* DESCRIPTION OF THE TASK *
In the material below, find the line with "Dux Ducis Grit"; set down that line and every line after it to the end, exactly, without pictures.

* SUPPLIED DATA *
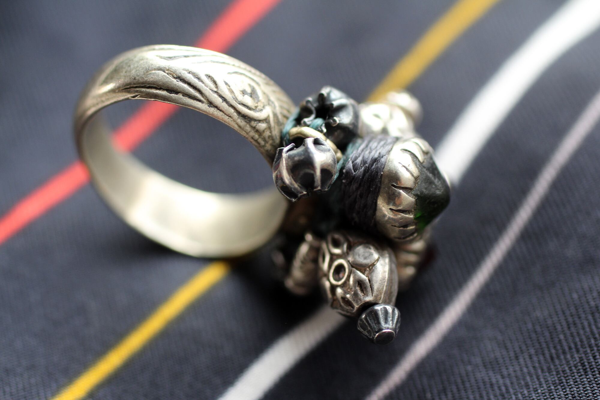 その印象的だったアフガンリングをベースに、世界各国のビーズ、シルバー、オーナメントパーツ、トライバルパーツ等を蝋引き糸で繋ぎ組み合わせて作った指輪です。
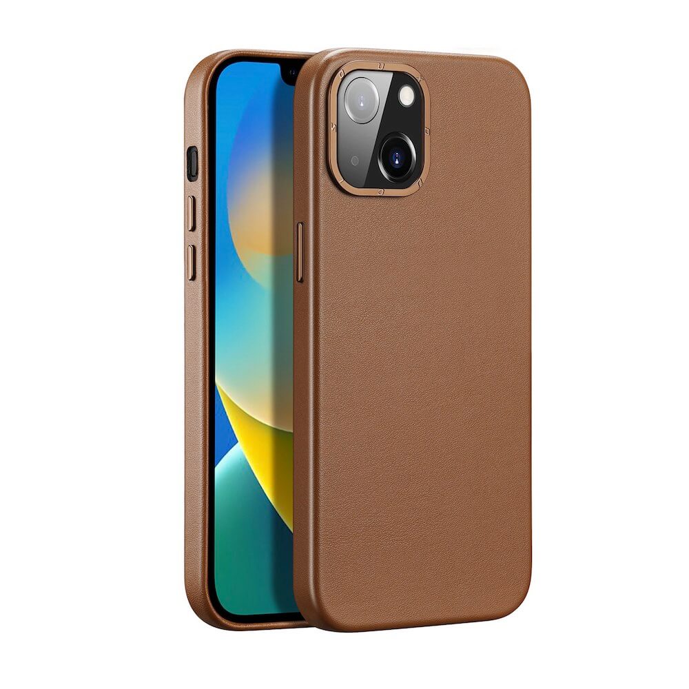 Dux Ducis Grit Faux Leather MagSafe Case - дизайнерски кожен кейс с MagSafe за iPhone 14 (кафяв)
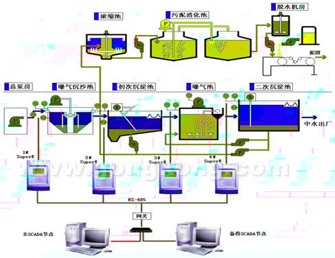 測(cè)控系統(tǒng)分為四個(gè)數(shù)據(jù)采集控制區(qū):曝氣沉沙池、初次沉淀池、曝氣池和二次沉淀池。 每個(gè)區(qū)域采用1~2臺(tái)SuperE RTU,檢測(cè)液位、溫度、PH值等參數(shù),控制水泵、門閘等電機(jī)。 各SuperE RTU通過RS-485連接到中控室組成SCADA系統(tǒng)。
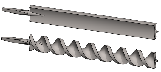 Oikealla: Jääkairaa varten mallinnettu ruuvi.
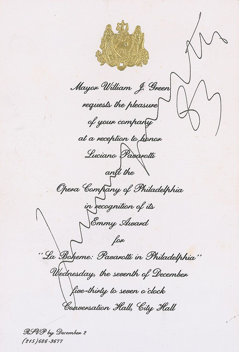 Printed invitation, 5.25 x 7.75, for a reception in Philadelphia in recognition of Pavarotti’s Emmy award for ‘La Boheme: Pavarotti in Philadelphia,’ signed in black ink, “Luciano Pavarotti 83.” Invitation is affixed to an 8 x 10 off-white sheet. In fine condition, with a couple trivial spots of toning.
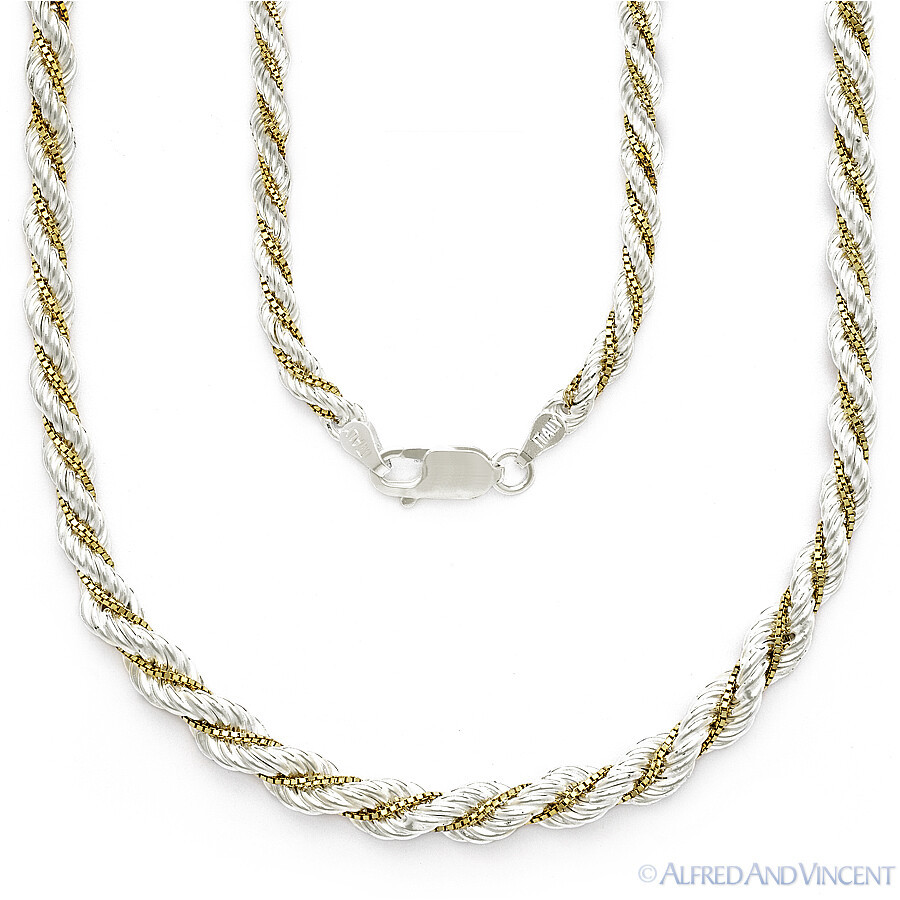 Heavy Rope & Box Link .925 Sterling Silver 14k Gold-Plated Twist-Chain Necklace

* RESULT *
 Dux Ducis Grit Faux Leather MagSafe Case - дизайнерски кожен кейс с MagSafe за iPhone 14 (кафяв)
 測(cè)控系統(tǒng)分為四個(gè)數(shù)據(jù)采集控制區(qū):曝氣沉沙池、初次沉淀池、曝氣池和二次沉淀池。 每個(gè)區(qū)域采用1~2臺(tái)SuperE RTU,檢測(cè)液位、溫度、PH值等參數(shù),控制水泵、門閘等電機(jī)。 各SuperE RTU通過RS-485連接到中控室組成SCADA系統(tǒng)。
 Oikealla: Jääkairaa varten mallinnettu ruuvi.
 Printed invitation, 5.25 x 7.75, for a reception in Philadelphia in recognition of Pavarotti’s Emmy award for ‘La Boheme: Pavarotti in Philadelphia,’ signed in black ink, “Luciano Pavarotti 83.” Invitation is affixed to an 8 x 10 off-white sheet. In fine condition, with a couple trivial spots of toning.
 Heavy Rope & Box Link .925 Sterling Silver 14k Gold-Plated Twist-Chain Necklace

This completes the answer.